L’étude a défini l’obésité comme un IMC supérieur ou égal à 30 kg/m² (fiche d’information de l’OMS sur l’obésité). Les personnes obèses présentaient un risque d’infection grave 70 % plus élevé que celles ayant un IMC compris entre 18,5 et 24,9. Par exemple, le risque annuel d’infection grave était de 1,1 % pour les personnes ayant un IMC sain, contre 1,8 % pour les personnes obèses.
L’étude a également examiné l’impact de l’obésité sur 10 maladies infectieuses courantes. Si l’obésité semble augmenter le risque d’hospitalisation ou de décès pour la plupart d’entre elles (grippe, Covid-19, pneumonie, gastro-entérite, infections urinaires, infections respiratoires), elle ne semble pas affecter le risque de contracter une forme grave du VIH ou de la tuberculose.

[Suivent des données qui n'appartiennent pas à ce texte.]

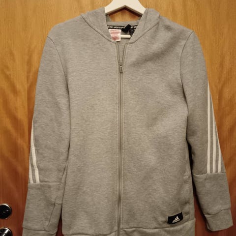Adidas Naisten XL huppari, harmaa väri, raidallinen kuvio olkapäällä, koko xl. Sopii naisten käyttöön.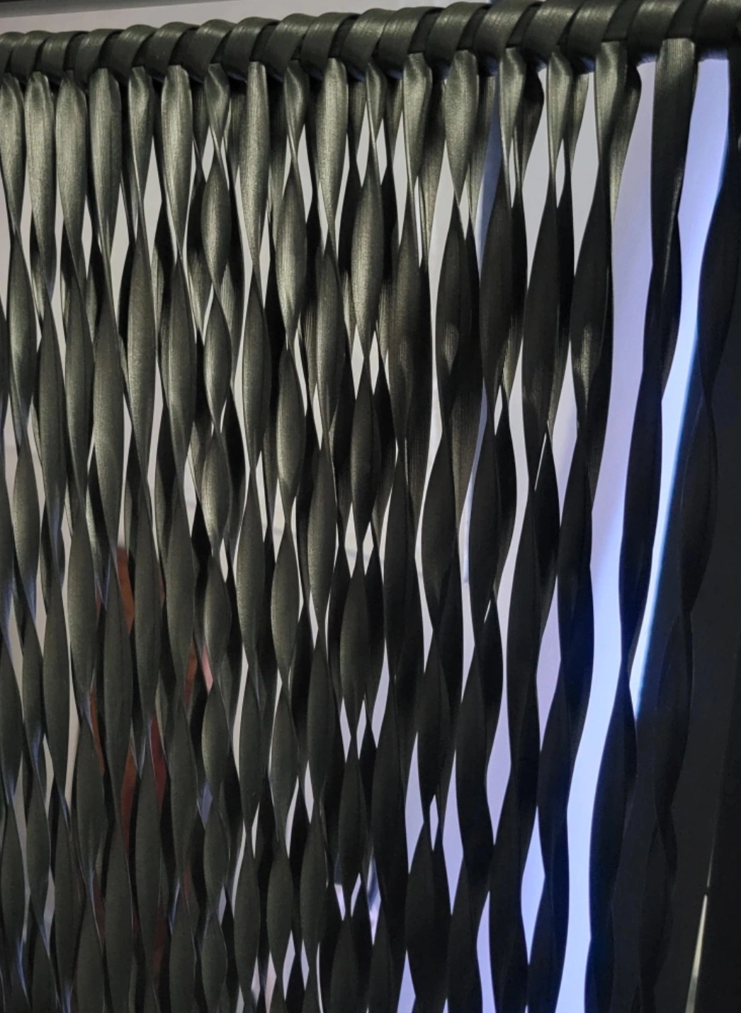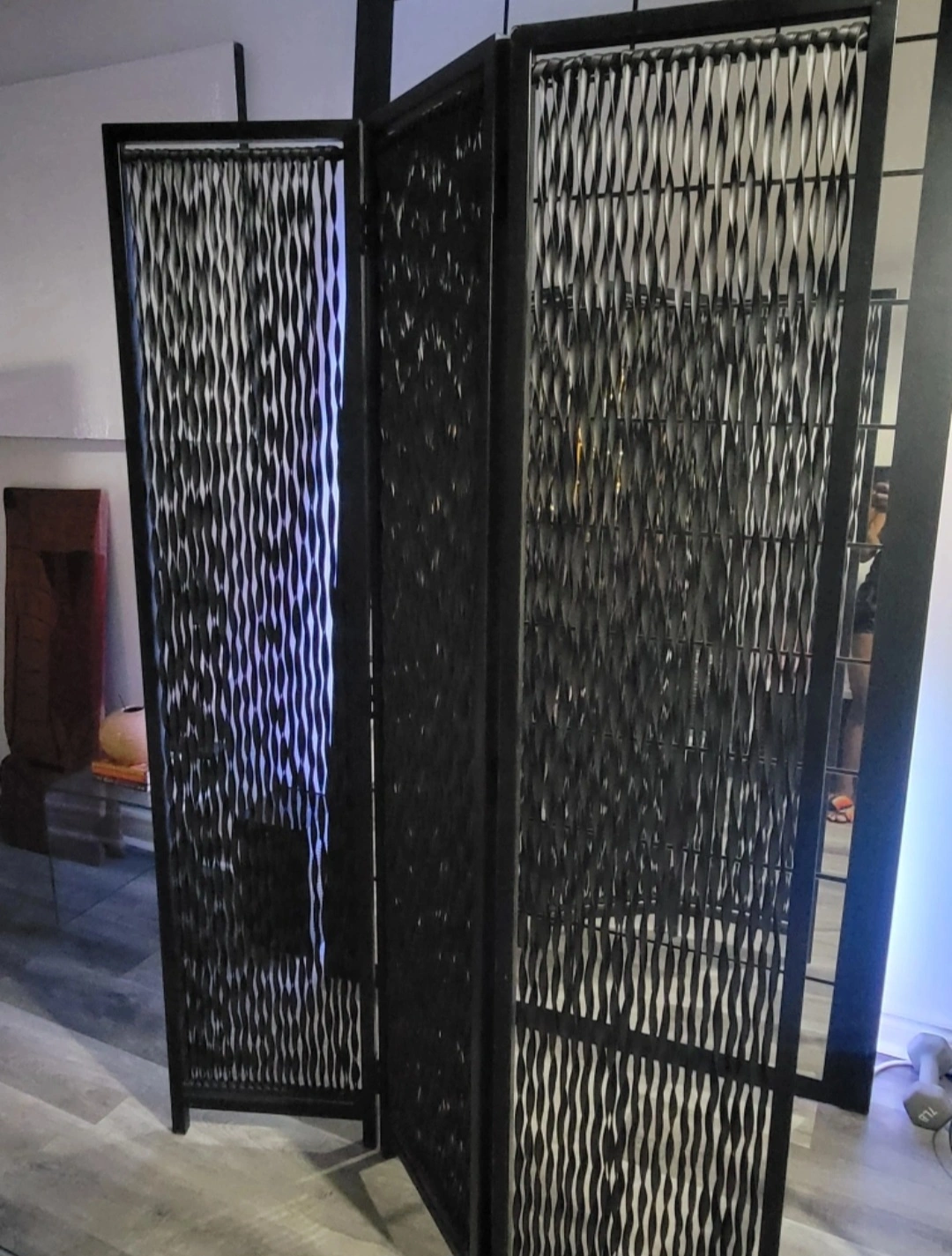 Selling a black metal and leather decorative room divider. It features a unique woven design. Perfect for adding privacy or style to any room in your home or apartment!

« Notre découverte selon laquelle l’obésité est un facteur de risque pour un large éventail de maladies infectieuses suggère que de vastes mécanismes biologiques pourraient être impliqués. Il est plausible que l’obésité affaiblisse la capacité du système immunitaire à se défendre contre les bactéries, virus, parasites ou champignons infectieux, entraînant ainsi des maladies plus graves »,
Professeur Mika Kivimäki, University College de Londres
Les auteurs soulignent que des recherches supplémentaires sont nécessaires pour mieux comprendre les mécanismes sous-jacents à ces associations. Ils reconnaissent également certaines limites de l’étude, notamment le fait qu’elle est basée sur des données observationnelles et ne peut pas établir de lien de causalité direct.
L’analyse des données de mortalité par maladies infectieuses, issues de l’étude Global Burden of Diseases (GBD), révèle des disparités significatives entre les pays. En 2023, les États-Unis affichaient la proportion la plus élevée de décès liés à des infections et à l’obésité (25,7 %), suivie du Royaume-Uni (17,4 %). Le Vietnam présentait la proportion la plus faible (1,2 %).
En Espagne, l’obésité était liée à 21,2 % des décès dus à des maladies infectieuses en 2023 (5 300 sur 24 800), soit un décès sur cinq. Ce pourcentage est supérieur à celui de la France (15,9 %) et de l’Allemagne (14,7 %), mais le nombre total de décès dus à des maladies infectieuses est plus faible dans ces pays (24 800 en Espagne, contre 43 400 et 31 900 respectivement).